Train Inputs Have 3579 rows X 10 columns
Train Targers Have 3579 rows X 1 columns

validation Inputs Have 447 rows X 10 columns
validation Targers Have 447 rows X 1 columns

test Inputs Have 448 rows X 10 columns
test Targers Have 448 rows X 1 columns



In [0]:
 input_size = 10
 output_size = 2
 hidden_layers_size = 50
 model = tf.keras.Sequential([
                              tf.keras.layers.Dense(hidden_layers_size ,activation='relu'),
                              tf.keras.layers.Dense(hidden_layers_size ,activation = 'relu'),
                              tf.keras.layers.Dense(output_size , activation='softmax')
 ])
 model.compile(optimizer='adam', loss='sparse_categorical_crossentropy', metrics=['accuracy'])
 early_stopping = tf.keras.callbacks.EarlyStopping(patience=2 , verbose=2)

BATCH_SIZE =100
EPOCH_MAX = 100



In [17]:
model.fit(
    x = train_inputs,
    y = train_targets,
    batch_size = BATCH_SIZE,
    epochs = EPOCH_MAX,
    callbacks =[early_stopping],
    validation_data = (validation_inputs, validation_targets),
    verbose =2
)
 

Epoch 1/100
36/36 - 0s - loss: 0.6017 - accuracy: 0.7153 - val_loss: 0.4459 - val_accuracy: 0.8792
Epoch 2/100
36/36 - 0s - loss: 0.3897 - accuracy: 0.8715 - val_loss: 0.3348 - val_accuracy: 0.8770
Epoch 3/100
36/36 - 0s - loss: 0.3262 - accuracy: 0.8860 - val_loss: 0.3108 - val_accuracy: 0.8747
Epoch 4/100
36/36 - 0s - loss: 0.3039 - accuracy: 0.8908 - val_loss: 0.2997 - val_accuracy: 0.8859
Epoch 5/100
36/36 - 0s - loss: 0.2879 - accuracy: 0.8949 - val_loss: 0.2837 - val_accuracy: 0.8881
Epoch 6/100
36/36 - 0s - loss: 0.2785 - accuracy: 0.8955 - val_loss: 0.2818 - val_accuracy: 0.8881
Epoch 7/100
36/36 - 0s - loss: 0.2688 - accuracy: 0.8994 - val_loss: 0.2714 - val_accuracy: 0.8881
Epoch 8/100
36/36 - 0s - loss: 0.2631 - accuracy: 0.9014 - val_loss: 0.2671 - val_accuracy: 0.8881
Epoch 9/100
36/36 - 0s - loss: 0.2584 - accuracy: 0.9019 - val_loss: 0.2680 - val_accuracy: 0.8949
Epoch 10/100
36/36 - 0s - loss: 0.2547 - accuracy: 0.9033 - val_loss: 0.2648 - val_accuracy: 0.8904
Epoch 11/

<tensorflow.python.keras.callbacks.History at 0x7efb96140320>

### Test Model

* Testing with the Balanced test Dataset

In [18]:
 test_loss , test_accuracy = model.evaluate(test_inputs,test_targets)



In [19]:
print("TestLoss : {:.1f} , Test Accuracy : {:.2f}%".format(test_loss, test_accuracy*100))

TestLoss : 0.2 , Test Accuracy : 91.29%


* Testing the un-balanced dataset.

In [23]:
whole_inputs = preprocessing.scale(unscaled_inputs_all)

scaled_indices = np.arange(whole_inputs.shape[0])

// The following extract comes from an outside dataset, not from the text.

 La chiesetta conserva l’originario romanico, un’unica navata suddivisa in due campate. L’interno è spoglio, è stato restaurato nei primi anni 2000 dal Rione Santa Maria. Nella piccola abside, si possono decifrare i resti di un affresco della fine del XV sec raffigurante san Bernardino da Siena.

np.random.shuffle(scaled_indices)

shuffled_whole_inputs = whole_inputs[scaled_indices]
shuffled_whole_targets = targets_all[scaled_indices]

print("Inputs Have {} rows X {} columns".format(shuffled_whole_inputs.shape[0], shuffled_whole_inputs.shape[1]))
print("Targers Have {} rows X 1 columns".format(shuffled_whole_targets.shape[0]))

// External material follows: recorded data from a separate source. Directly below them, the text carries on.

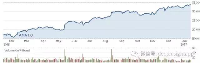 说完了未来,我们再来看看过去,到底2016年涨幅最强的科技股有哪些?2015年的科技股上涨主要受益于代号FANG的科技四天王:Facebook, Amazon, Netflix和Google。他们分别代表着社交应用,电商,视频内容和搜索引擎。而2016年科技股中最耀眼的明星就是半导体。PHLX半导体指数在2016年上涨了41%以上。或许硬件的创新将引领下一次革命。
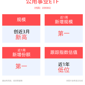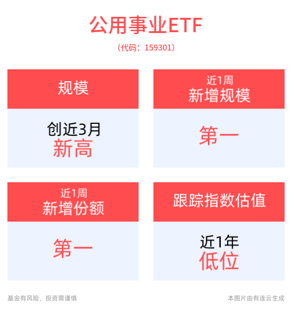 从估值层面来看,公用事业ETF跟踪的中证全指公用事业指数最新市盈率(PE-TTM)仅16.02倍,处于近1年12.6%的分位,即估值低于近1年87.4%以上的时间,处于历史低位。
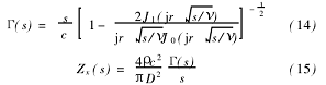 如果考慮頻率相關的摩擦損失,該段管路的Γ(s)和Zx(s)分別為[8]

Inputs Have 14084 rows X 10 columns
Targers Have 14084 rows X 1 columns


In [24]:
test_loss , test_accuracy = model.evaluate(shuffled_whole_inputs,shuffled_whole_targets)
print("TestLoss : {:.1f} , Test Accuracy : {:.2f}%".format(test_loss, test_accuracy*100))

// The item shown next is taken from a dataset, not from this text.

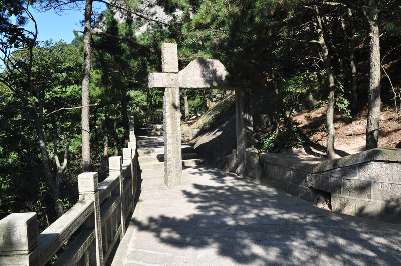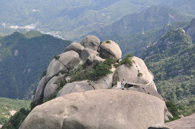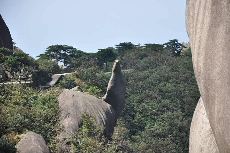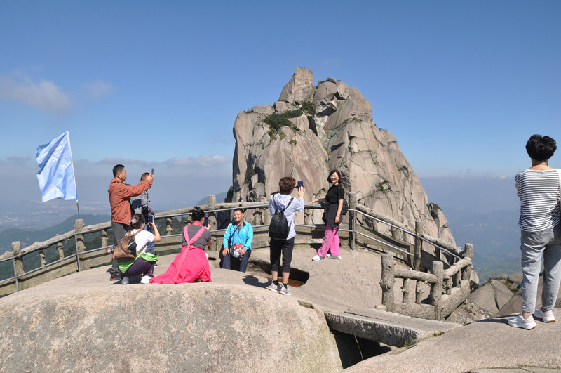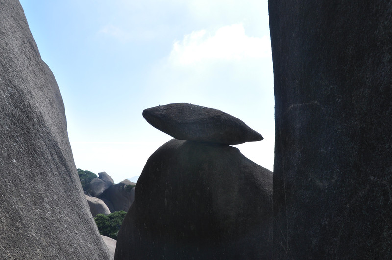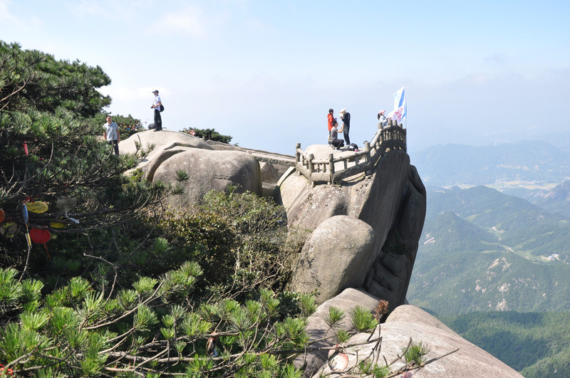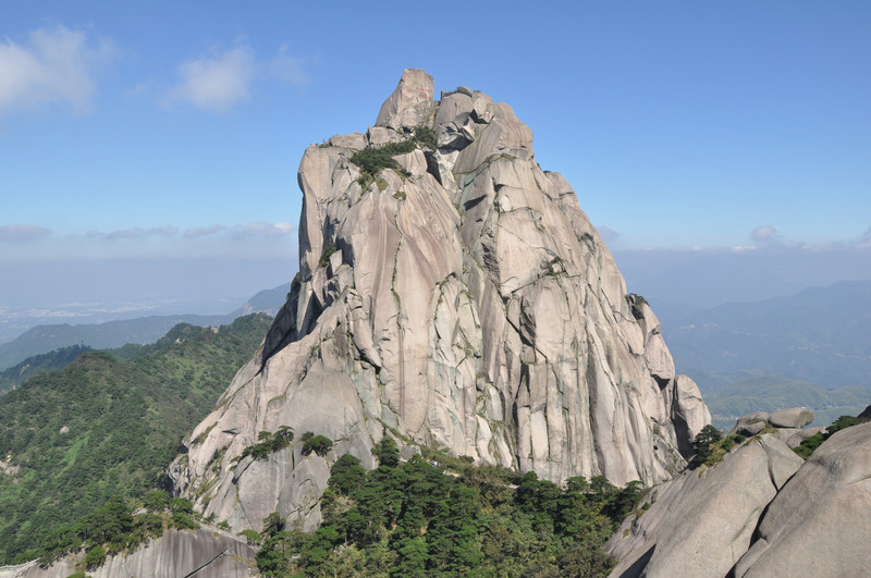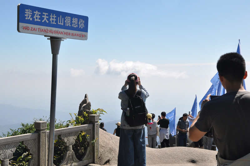 5.还有从大龙窝索道站上站出发上山,经捣衣岗、神秘谷、天池峰、观飞来峰、蓬莱峰,天柱峰是天柱山的主峰(海拔约1488米),天柱峰无法攀登,只能从远处观赏,不过全年约有一半时间天柱峰都隐没在云雾里,能否看到得看运气。走过“渡仙桥”两段一米长的石条,可登上天池峰顶,这里是观赏天柱峰的较佳位置,天气晴朗时这里视野宽阔,还是观日出、云海、晚霞的较佳地点。从天池峰往下经拜岳台岔口去一线天。返回时若时间充裕、体力好(团队一般从这里就原路返回),可继续走新游线,即接着下拜岳台,然后经搁笔台-仙人洞-青龙背-青龙轩-莲花峰,至炼丹湖向下,在这里可以左转350m坐牧羊河索道下山或向右1600m走画眉岭-迎真峰-丹砂亭-天柱山庄线路下山。如果有两天的时间且体力不错,可选择在天柱山庄住宿,第二天游览东关。

TestLoss : 1.4 , Test Accuracy : 49.44%


### Conclusion 
* The Test Accuracy of our Model is 91.96 %, which higher than validation accuracy, theoratically it is not possible.

* But, 91.96 % pretty Good Accuracy Rate.

* When we applied for the whole dataset without Balancing the dataset, the Test accuracy is 50%.

* It shows that balancing the dataset , will have a cutback on the actual dataset.